Recurriendo al tópico, ayer fue la noche mágica, en la que Lugo se llenó de hogueras para al igual que los romanos, conmemorar el solsticio de verano en el que sacaban a la calle todos los útiles de desecho que tenían en sus viviendas en Roma para quemarlos. Cuando era chaval, había tres fogatas que superaban a las otras que se instalaban por los barrios. Estaba la de Domingo Tallo, en la Fonte dos Ranchos y en la que se incluía orquesta y sorteo de un cabrito. Luego, la de Montirón, con verbena y reparto de sardinas, y finalmente, la de mi barrio, Recatelo que se montaba frente a la Casa Cuna, y cuyos trabajos de montaje causaban la admiración de los incluseros que con sus mandilones a rayas se acercaban a la verja para ver nuestras evoluciones, recibir alguna caricia de la que estaban necesitados y caramelos.
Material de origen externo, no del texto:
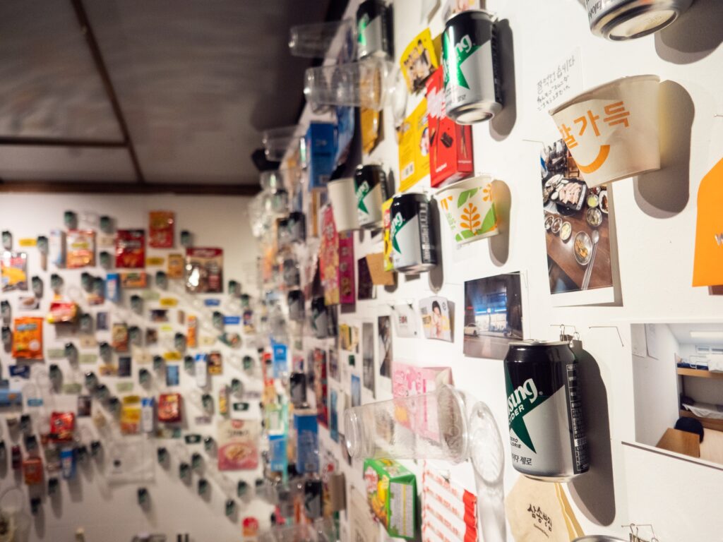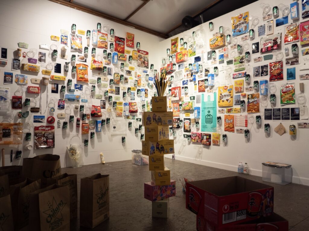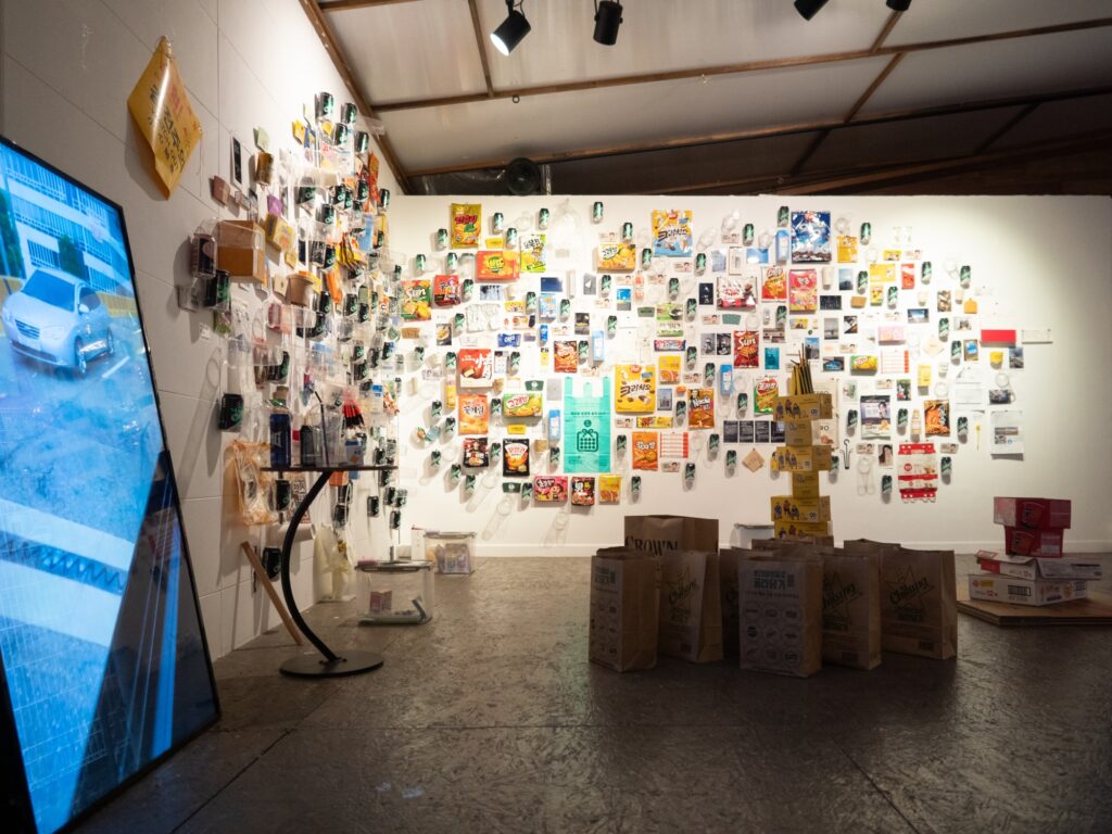 This artwork, “Saenghwal Gadeuk,” expresses reflections on the “fluctuation of value.” The everyday goods and food packages displayed on the wall were acquired by me during my stay in Gwangju, South Korea. These items, functionally, are quite similar to those easily obtainable in Japan if one doesn’t focus on the manufacturer, meaning their functional value is nearly identical. However, due to the minimal difference in the printed text or characters, they became special objects that I deemed “worth owning.” This “condition of value” is constantly unstable; I might have discarded these same items had I been in Japan. Value is not absolute; it fluctuates dynamically based on the place and circumstances of acquisition, or in the case of a gift, the relationship and time associated with the object. By also incorporating photographs taken in Gwangju during my stay alongside these everyday items, the artwork attempts to reconstruct their inherent value into something even more “valuable,” strongly connecting it with my personal experience. The title, “Saenghwal Gadeuk,” is taken from the text printed on a paper cup I acquired on my first day in Korea. When I asked for the meaning of the phrase, I was told it “doesn’t have any particular meaning.” This phrase, for which a clear answer could not be obtained despite pursuing its meaning, attempts to settle within the work the ambiguity at the border of language and culture, and the very sense of everyday life that is, nonetheless, “full of life.

El trabajo se repartía en dos partes: por la mañana y hasta la media tarde, recorrido por los pisos del barrio solicitando una ayuda y cuando llegaban los mayores del trabajo, se formaban las cuadrillas para buscar leña. Los tres grupos de chavales se repartían el trabajo, unos vigilando el material, otros recabando las ayudas y trayendo las ramas y los mayores cortaban la madera en las orillas del Miño. Se contaba con el apoyo material de la sierras del señor Gumersindo y de la de los Ríos, así como de los tres talleres de bicis de Recatelo: Platero, Fontao y Pinche, que surtían a la hoguera de llantas.
Al caer la noche, abuelos, padres y niños se juntaban alrededor de la hoguera para deslumbrase con sus llamas en tanto que se repartían galletas, dulces, vino y anís, comprado con las aportaciones vecinales. Todo no es ahora más que un entrañable recuerdo. O tempora, o mores.